### RECORDED DATA
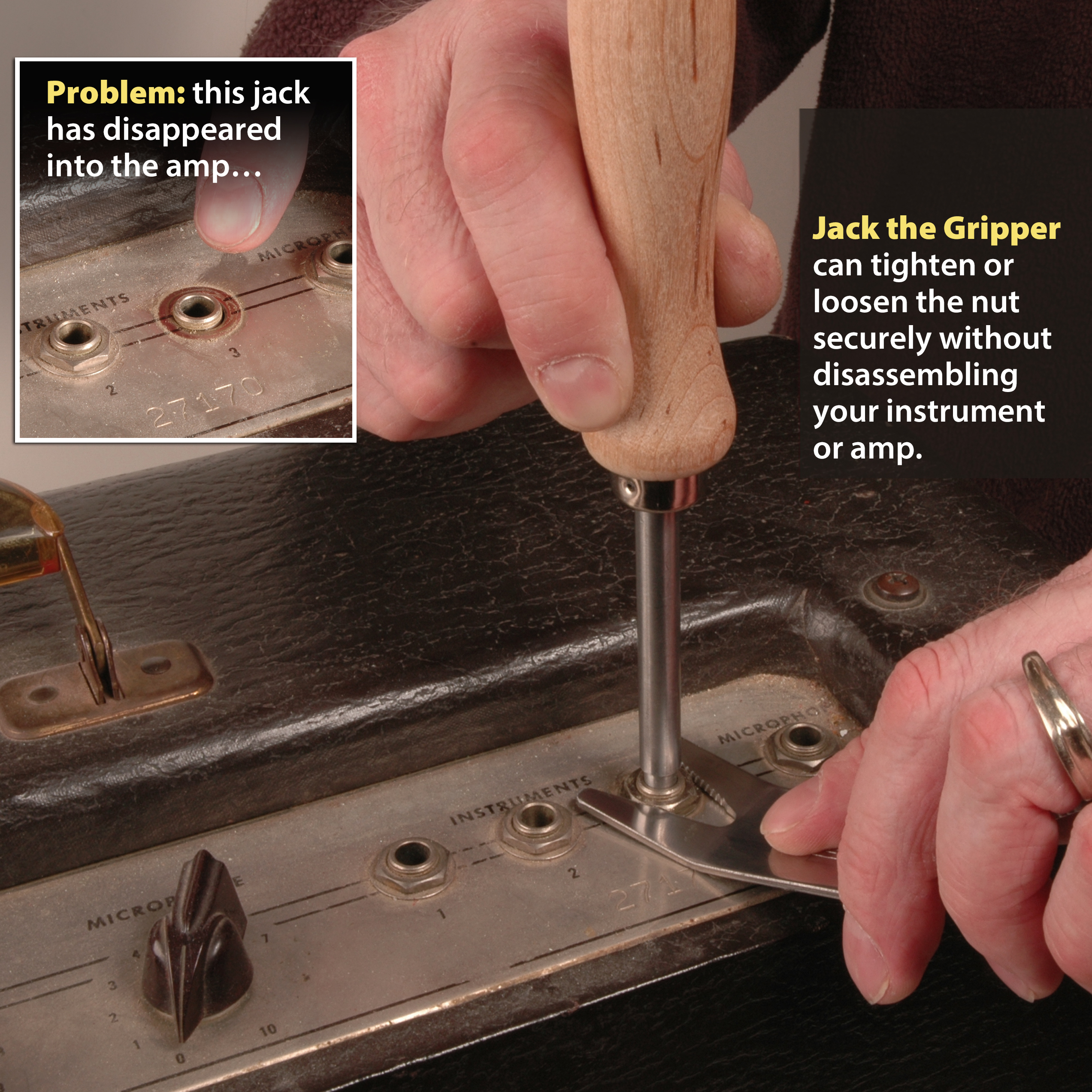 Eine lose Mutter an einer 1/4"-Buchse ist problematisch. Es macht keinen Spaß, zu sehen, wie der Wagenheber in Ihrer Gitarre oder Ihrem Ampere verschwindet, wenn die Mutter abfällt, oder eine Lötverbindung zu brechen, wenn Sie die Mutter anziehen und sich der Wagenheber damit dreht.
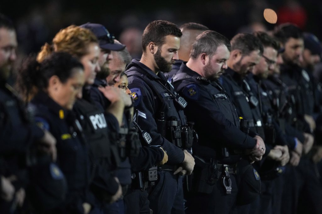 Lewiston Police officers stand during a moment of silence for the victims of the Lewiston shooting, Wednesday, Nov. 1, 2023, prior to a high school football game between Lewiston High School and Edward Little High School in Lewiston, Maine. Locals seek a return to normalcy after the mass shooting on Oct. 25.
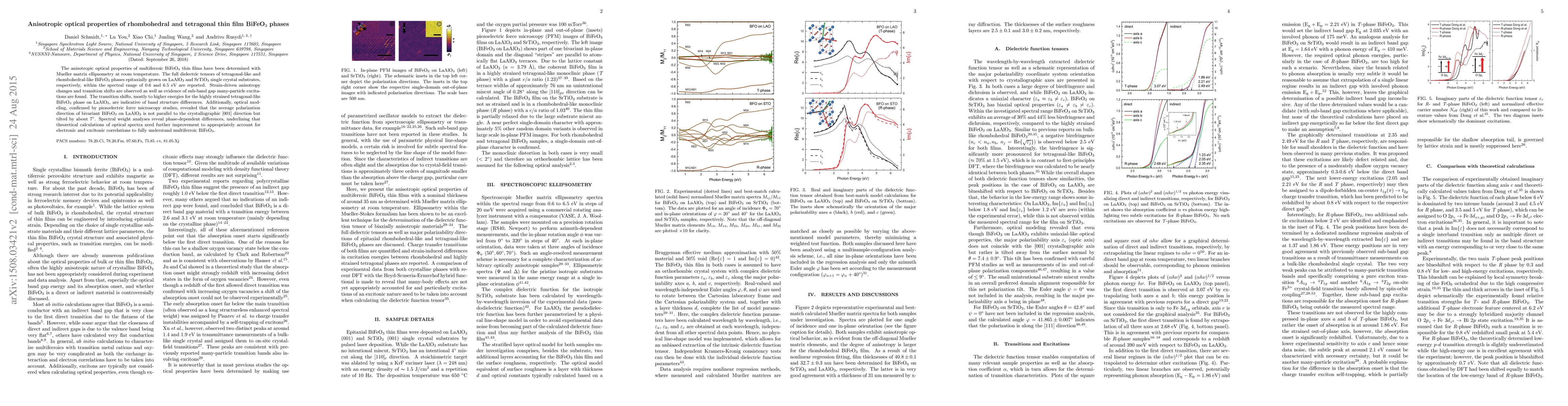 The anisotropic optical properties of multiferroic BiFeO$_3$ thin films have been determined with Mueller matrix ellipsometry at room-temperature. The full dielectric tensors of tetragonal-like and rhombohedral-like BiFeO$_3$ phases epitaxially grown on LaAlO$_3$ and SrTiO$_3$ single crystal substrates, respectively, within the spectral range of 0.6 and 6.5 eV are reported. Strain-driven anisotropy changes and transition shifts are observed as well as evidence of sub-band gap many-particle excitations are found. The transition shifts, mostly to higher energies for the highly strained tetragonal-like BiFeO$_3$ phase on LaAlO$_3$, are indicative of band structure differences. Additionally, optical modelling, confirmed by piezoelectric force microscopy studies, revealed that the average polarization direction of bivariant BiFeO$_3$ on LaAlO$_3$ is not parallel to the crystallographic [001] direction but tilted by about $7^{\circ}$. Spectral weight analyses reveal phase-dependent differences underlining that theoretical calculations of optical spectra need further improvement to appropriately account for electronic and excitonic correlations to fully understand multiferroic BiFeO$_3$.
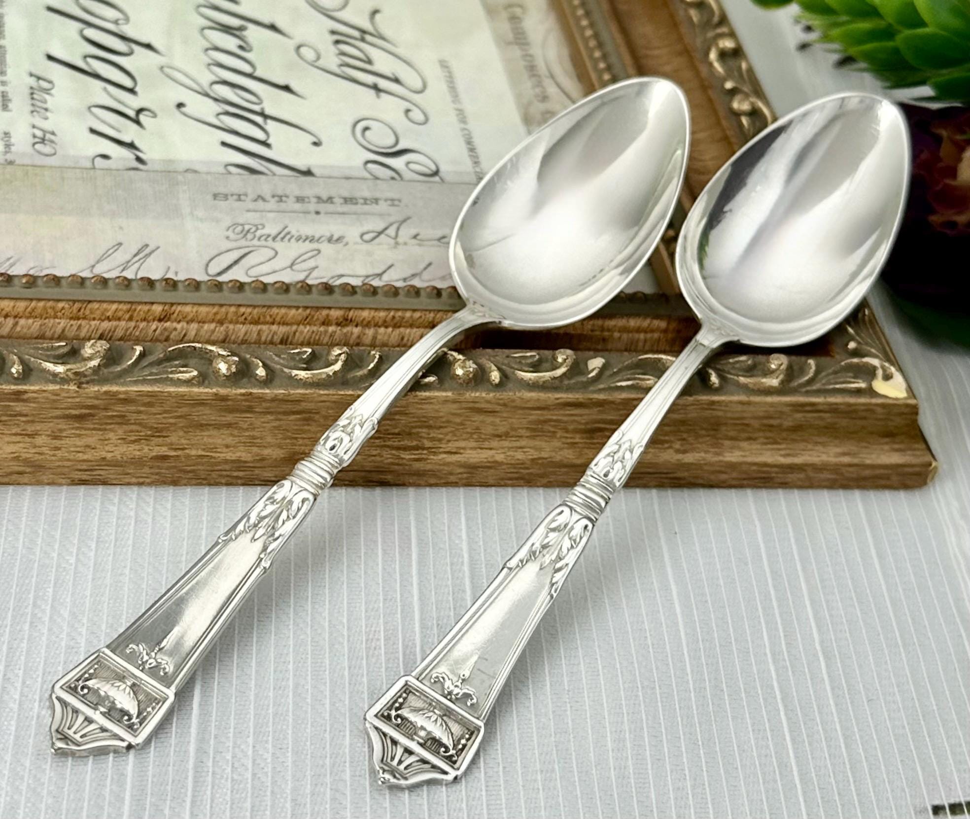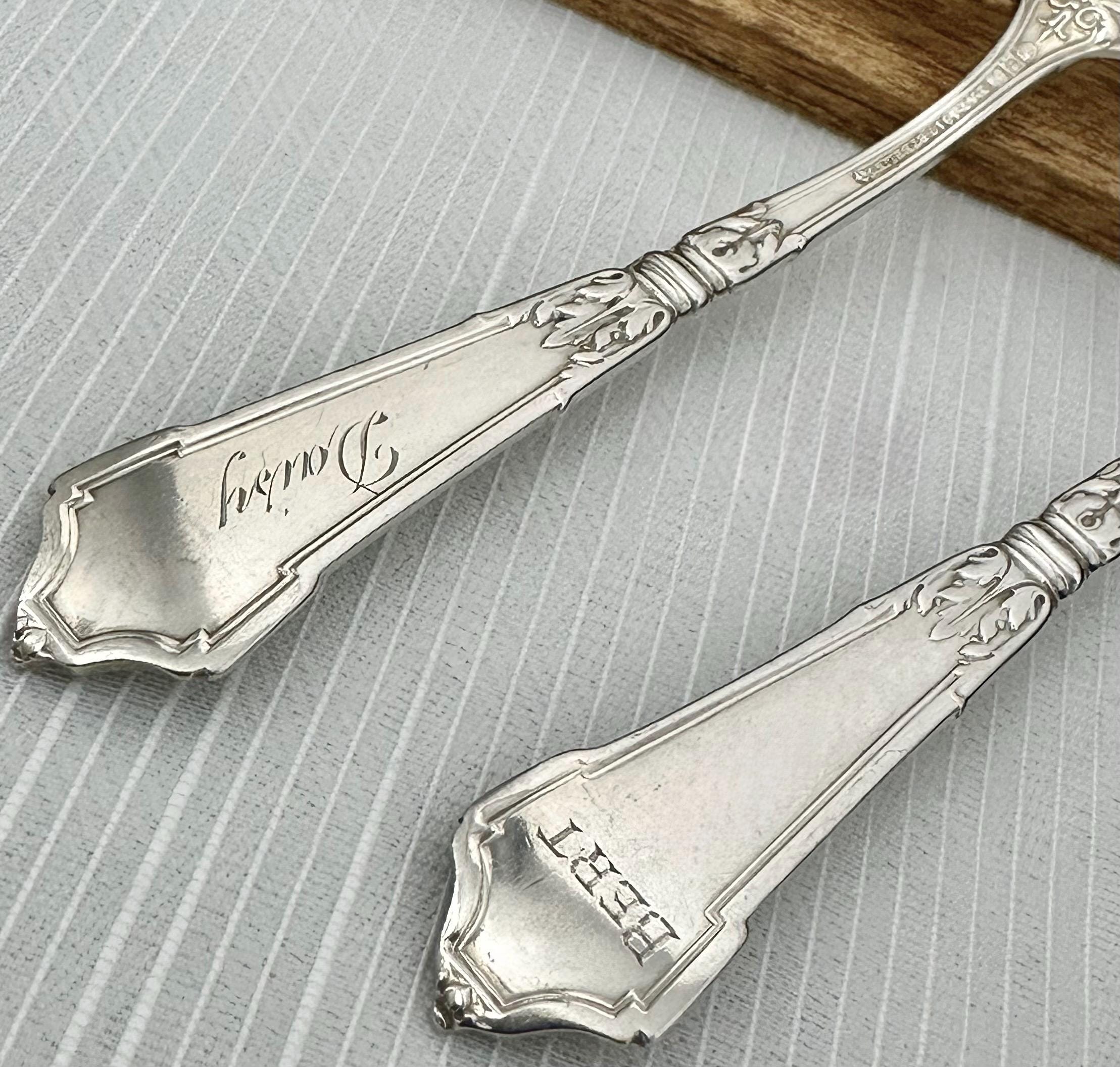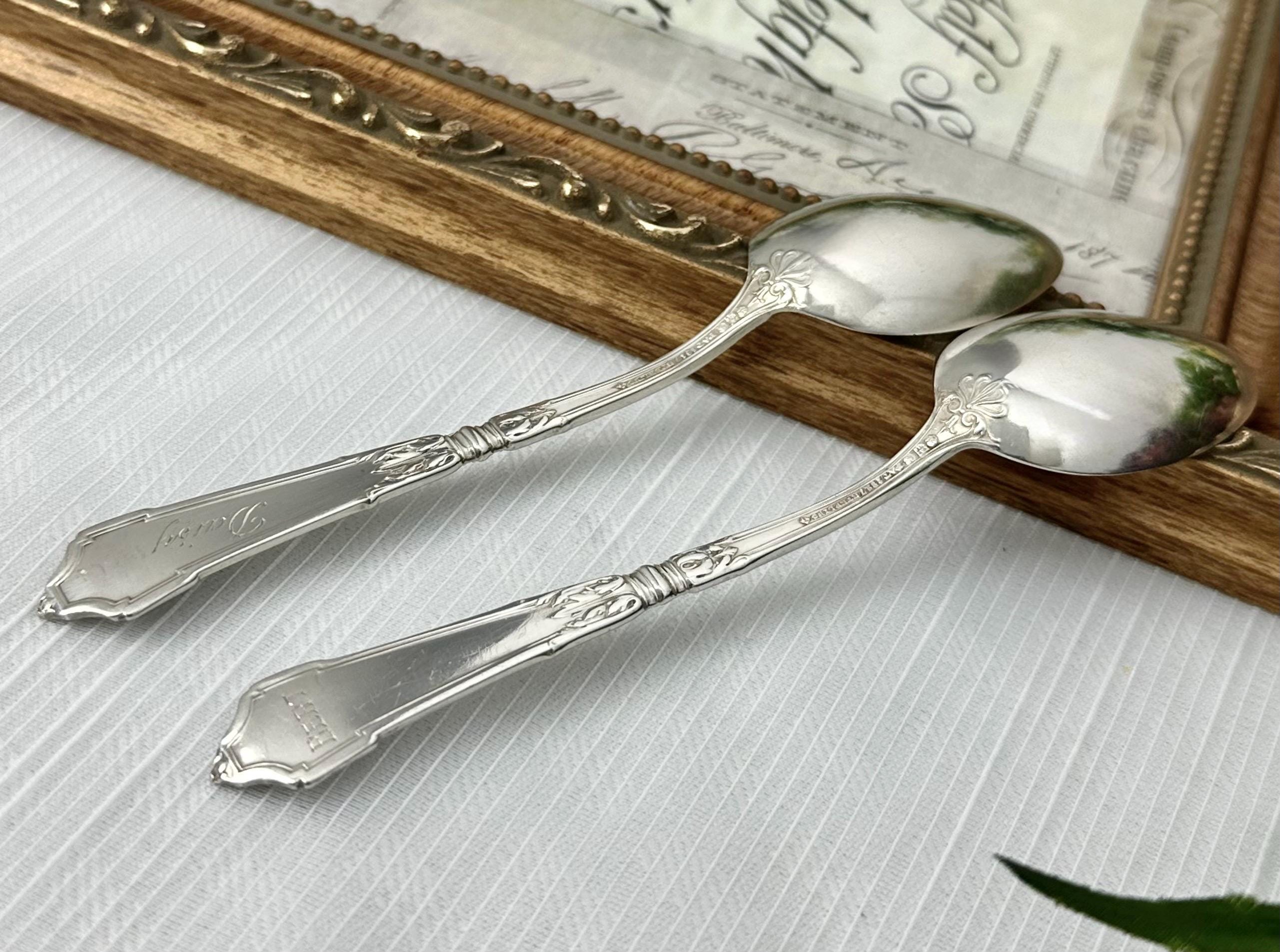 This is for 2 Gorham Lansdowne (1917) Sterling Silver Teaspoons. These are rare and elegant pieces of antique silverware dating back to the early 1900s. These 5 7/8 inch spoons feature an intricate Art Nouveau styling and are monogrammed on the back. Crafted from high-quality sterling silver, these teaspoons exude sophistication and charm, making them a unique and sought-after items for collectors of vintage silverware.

### WHAT YOU HAVE TO DO
Everything from the first line of the listing above through the line that contains "Lewiston Police officers" is to be restated word for word, minus the pictures.

### THE ANSWER
 Eine lose Mutter an einer 1/4"-Buchse ist problematisch. Es macht keinen Spaß, zu sehen, wie der Wagenheber in Ihrer Gitarre oder Ihrem Ampere verschwindet, wenn die Mutter abfällt, oder eine Lötverbindung zu brechen, wenn Sie die Mutter anziehen und sich der Wagenheber damit dreht.
 Lewiston Police officers stand during a moment of silence for the victims of the Lewiston shooting, Wednesday, Nov. 1, 2023, prior to a high school football game between Lewiston High School and Edward Little High School in Lewiston, Maine. Locals seek a return to normalcy after the mass shooting on Oct. 25.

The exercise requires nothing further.